**What the task requires**
Retype the data exactly, skipping any picture in it.

━━━ Data block ━━━

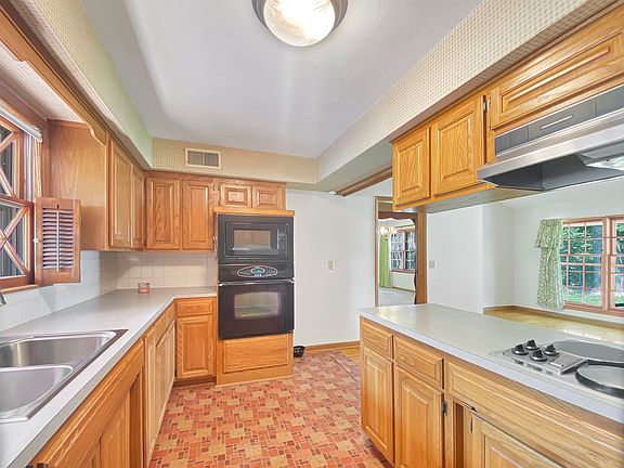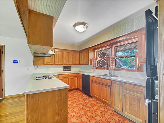 Welcome to Crestview Heights, where an impressive opportunity awaits you in this magnificent mid-century modern ranch home. With 5 bedrooms and 3 baths, spanning over 3500 square feet of finished living space, this property offers an abundance of room for comfortable living. Nestled on a sizable corner lot, this home provides the perfect balance of privacy and convenience. The oversized side load garage not only accommodates your vehicles but also includes an attached heated workshop complete with custom cabinetry, catering to all your hobbies and storage needs. As you step inside, you're greeted by a stunning slated floor foyer, guiding you into the expansive living room. While currently carpeted, this room boasts original hardwood flooring underneath, waiting to be unveiled. Throughout the main level, most of the hardwood flooring is exposed and in exceptional condition, accentuating the home's timeless charm. The main floor family room/hearth room is an ideal space for informal gatherings, seamlessly connecting to the kitchen and featuring a cozy wood-burning fireplace. The island kitchen is a culinary enthusiast's dream, offering a stainless steel vent hood, an eating bar, built-in appliances, and ample cabinet space for all your storage needs. While preparing meals, enjoy the picturesque view of the brick-paved courtyard, adding a touch of serenity to your everyday life. If spacious bedrooms are a priority for you, this home delivers in grand style. The primary bedroom, measuring approximately 18' x 14', showcases illustrious hardwood flooring, an abundance of windows allowing natural light to flood in, and an updated en suite bathroom. Additionally, the primary bedroom boasts a cedar-lined walk-in closet with built-in shelving and drawers, providing both functionality and elegance. The lower level of this stately ranch home presents endless possibilities for entertaining family and guests. With two large living areas and two enormous bedrooms, everyone will have their own space to relax and unwind. The third bathroom on this level maintains its mid-century splendor, adding a touch of nostalgia to the overall ambiance. The backyard of this 1/3 acre lot boasts mature trees offering plenty of shade for outdoor entertaining. There's a covered patio and a sprinkler system. This home is ideally located, offering easy access to parks, bike paths, and public transportation. Whether you enjoy outdoor activities or a quick commute, this property caters to your needs. Don't miss out on this remarkable opportunity—call today to schedule a private viewing and see for yourself the endless potential this home has to offer.
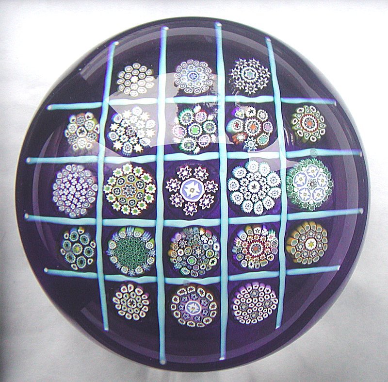 21 complex canes are laid out on a deep blue background separated by a light blue grid. Unfacetted 3 inch diameter weight made in 2006.
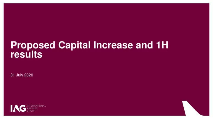 Agenda Willie Walsh IAG CEO 1. Executive summary 2. Successful track record Willie Walsh IAG CEO 3. First half 2020 results Steve Gunning IAG CFO 4. Response to COVID-19 Steve Gunning IAG CFO Luis Gallego IAG CEO Designate 5. Positioning IAG for the future Steve Gunning IAG CFO 6. Proposed Capital Increase 7. Conclusions Willie Walsh IAG CEO 3

━━━

**Written response**
 Welcome to Crestview Heights, where an impressive opportunity awaits you in this magnificent mid-century modern ranch home. With 5 bedrooms and 3 baths, spanning over 3500 square feet of finished living space, this property offers an abundance of room for comfortable living. Nestled on a sizable corner lot, this home provides the perfect balance of privacy and convenience. The oversized side load garage not only accommodates your vehicles but also includes an attached heated workshop complete with custom cabinetry, catering to all your hobbies and storage needs. As you step inside, you're greeted by a stunning slated floor foyer, guiding you into the expansive living room. While currently carpeted, this room boasts original hardwood flooring underneath, waiting to be unveiled. Throughout the main level, most of the hardwood flooring is exposed and in exceptional condition, accentuating the home's timeless charm. The main floor family room/hearth room is an ideal space for informal gatherings, seamlessly connecting to the kitchen and featuring a cozy wood-burning fireplace. The island kitchen is a culinary enthusiast's dream, offering a stainless steel vent hood, an eating bar, built-in appliances, and ample cabinet space for all your storage needs. While preparing meals, enjoy the picturesque view of the brick-paved courtyard, adding a touch of serenity to your everyday life. If spacious bedrooms are a priority for you, this home delivers in grand style. The primary bedroom, measuring approximately 18' x 14', showcases illustrious hardwood flooring, an abundance of windows allowing natural light to flood in, and an updated en suite bathroom. Additionally, the primary bedroom boasts a cedar-lined walk-in closet with built-in shelving and drawers, providing both functionality and elegance. The lower level of this stately ranch home presents endless possibilities for entertaining family and guests. With two large living areas and two enormous bedrooms, everyone will have their own space to relax and unwind. The third bathroom on this level maintains its mid-century splendor, adding a touch of nostalgia to the overall ambiance. The backyard of this 1/3 acre lot boasts mature trees offering plenty of shade for outdoor entertaining. There's a covered patio and a sprinkler system. This home is ideally located, offering easy access to parks, bike paths, and public transportation. Whether you enjoy outdoor activities or a quick commute, this property caters to your needs. Don't miss out on this remarkable opportunity—call today to schedule a private viewing and see for yourself the endless potential this home has to offer.
 21 complex canes are laid out on a deep blue background separated by a light blue grid. Unfacetted 3 inch diameter weight made in 2006.
 Agenda Willie Walsh IAG CEO 1. Executive summary 2. Successful track record Willie Walsh IAG CEO 3. First half 2020 results Steve Gunning IAG CFO 4. Response to COVID-19 Steve Gunning IAG CFO Luis Gallego IAG CEO Designate 5. Positioning IAG for the future Steve Gunning IAG CFO 6. Proposed Capital Increase 7. Conclusions Willie Walsh IAG CEO 3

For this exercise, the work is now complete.